Сейчас он пошутить соизволил, а вожжа под хвост попадет, возьмет да приделает лишение водительских прав на год. Энергично доедали рыцари дальних рейсов котлеты, энергично выметались на свежий воздух.
Ямочки не сходили со щек. Улыбаясь, Матильда сказала:
– Я вам премию за этот героический поступок выдам.
– Премии я люблю, – убежденно признался Смирнов. – Где она?
– Будет через час. Жабко звонил, что будет через час. Он ведь вам по-прежнему нужен?
– Спасибо, подружка. Но все-таки главное дело – Коммерция.
– Я сейчас буду звонить.
– А я Олега навещу. Боюсь, как бы, продрав глаза, чего-нибудь не сотворил.
* * *
Олег Торопов лежал на спине, до предела вытянув ноги и сложив руки на груди. Неподвижно глядел в потолок. Покойник покойником.
– Ты куда бутылку спрятал? – продолжая смотреть в потолок, поинтересовался покойник.

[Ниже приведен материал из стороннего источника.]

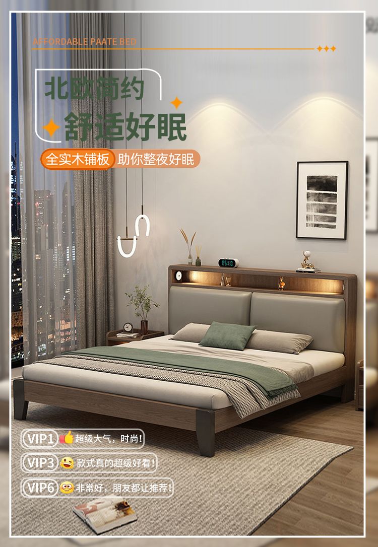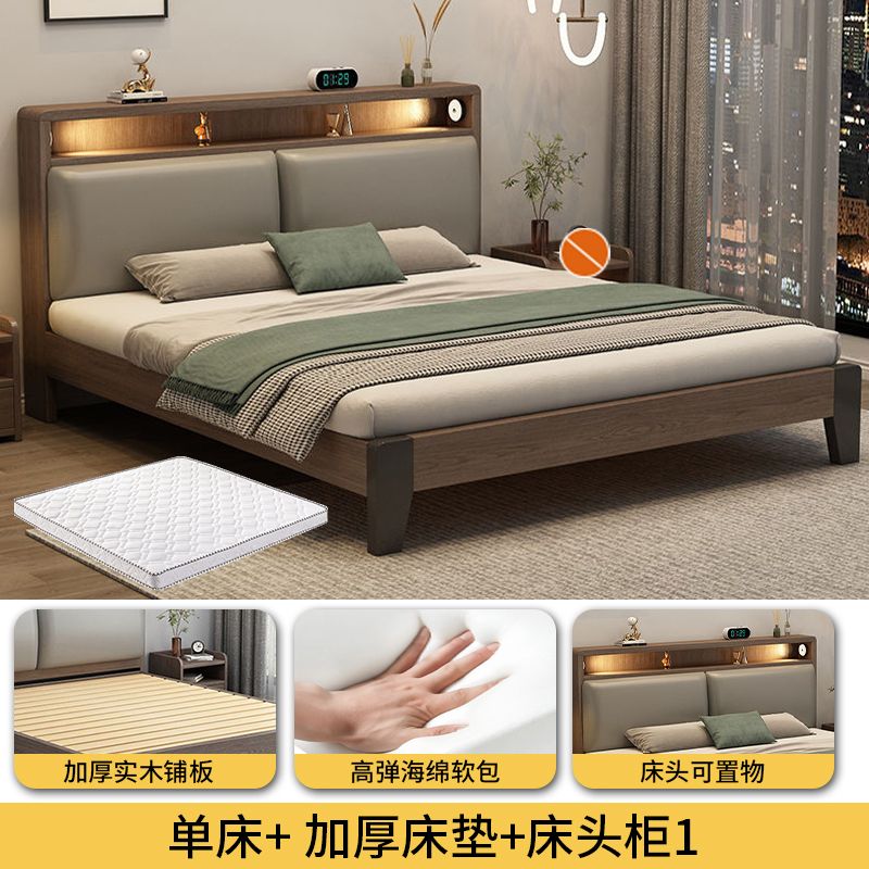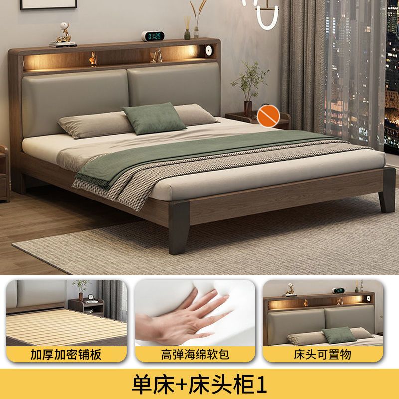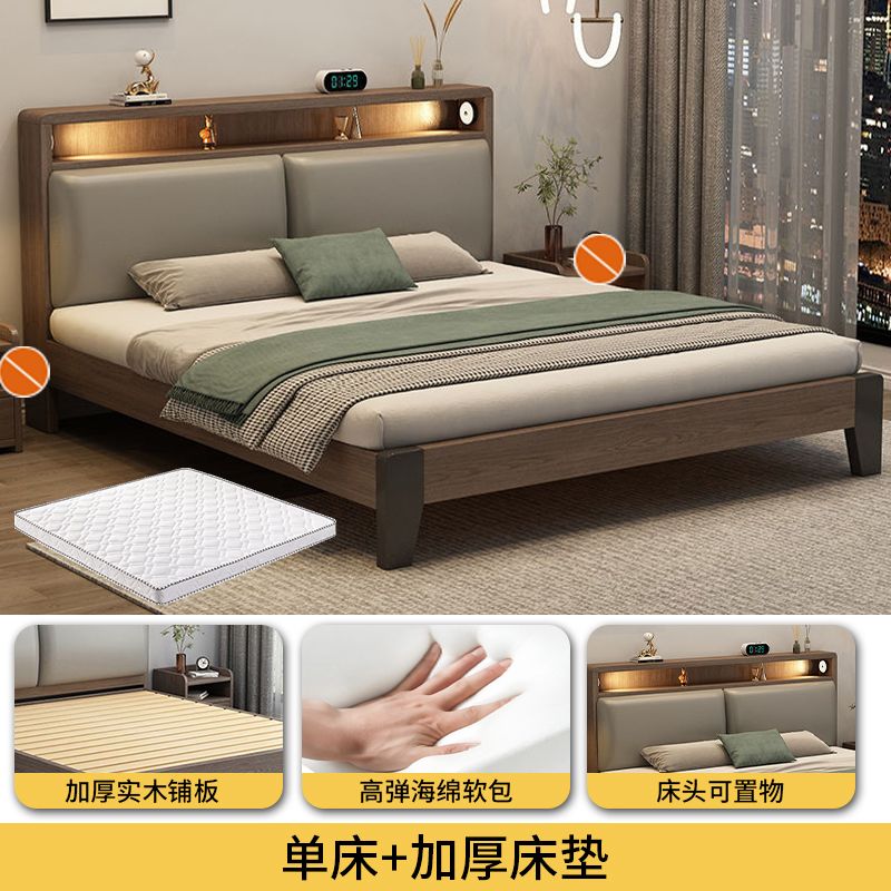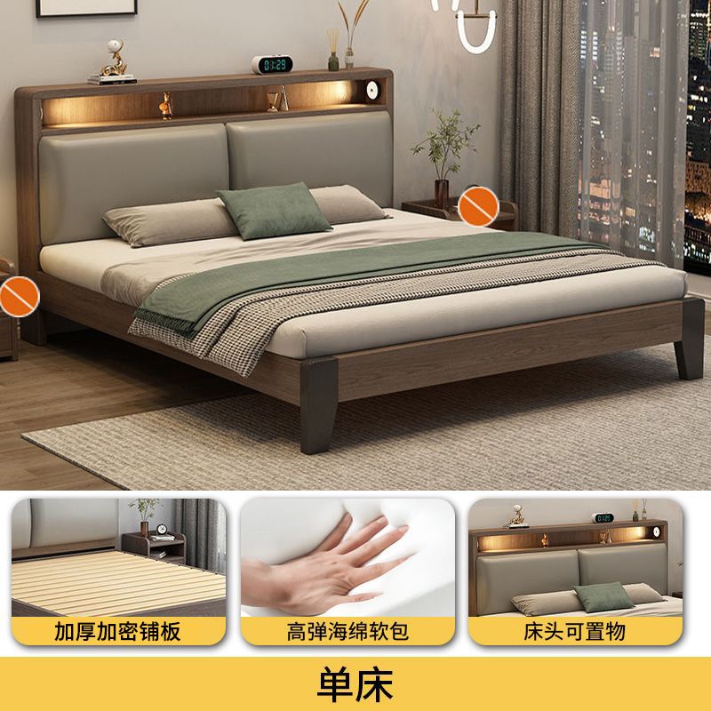 意式软包实木床双人1.8x2米主卧轻奢出租房1.5m单人床民宿1.2米
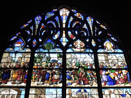 Основной темой для витражей (так же как и для скульптур) стали Библейские сюжеты, иллюстрирующие истории от создания мира до жизни Иисуса Христа.
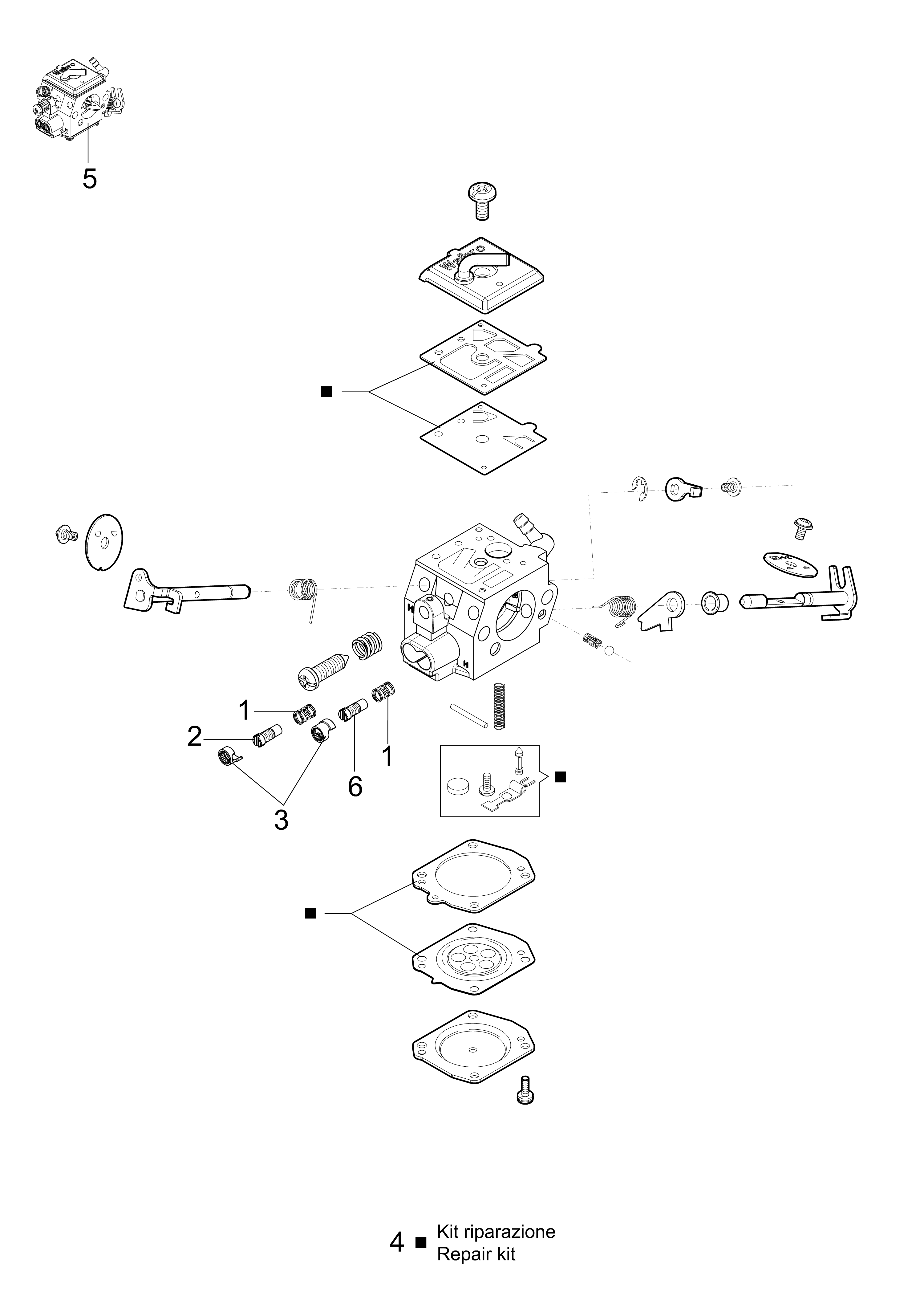 Gaźnik, zestaw naprawczy - części pilarki Oleo-Mac GS 651 - schemat
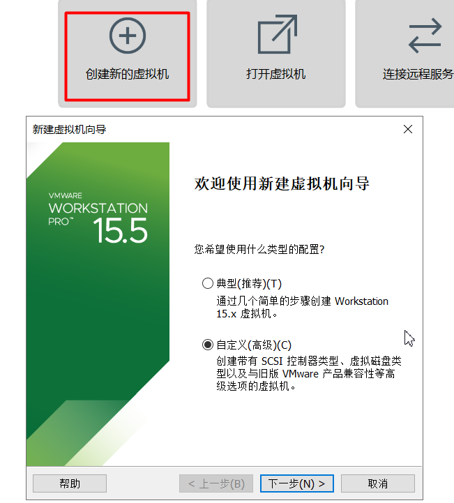 1.首先需要现在window上安装VMware Workstation 15.5版本的,这个一款功能强大的桌面虚拟化计算机软件,简单点就是这个软件能让我们在上面安装一台虚拟的计算机。

– За дверью в коридоре стоит, – буднично ответил Смирнов.
– Ты изощренный садист. Я бы даже сказал садомазохист. Ни себе, ни людям.
– Мне пока нельзя, а тебе не надо.
– А если бы я встал и ее нашел?
– Ты не мог встать. Ты лежишь и ждешь, когда принесут.
– А если бы ее выпили, что тогда? – слезно от подобной перспективы вопросил Олег.
– Группа на съемке. Некому ее выпить.
– Тогда наливай! – вскричал бард и энергично скинул ноги на пол. Не надо было ему это делать. Резкое движение всколыхнуло все, что в непорядке в ногах, в руках, в животе, в голове. Каркнув, как раненая ворона, он рухнул в исходное положение.
– Осторожнее, менестрель, – посоветовал Смирнов. – Второй день уже. Ты теперь не могучий молодой еще человек, а сосуд, который наполнять надо понемногу и с величайшей осторожностью. Но прежде чем я налью, ты ответишь мне на несколько вопросов, касающихся твоего визита к прокурору.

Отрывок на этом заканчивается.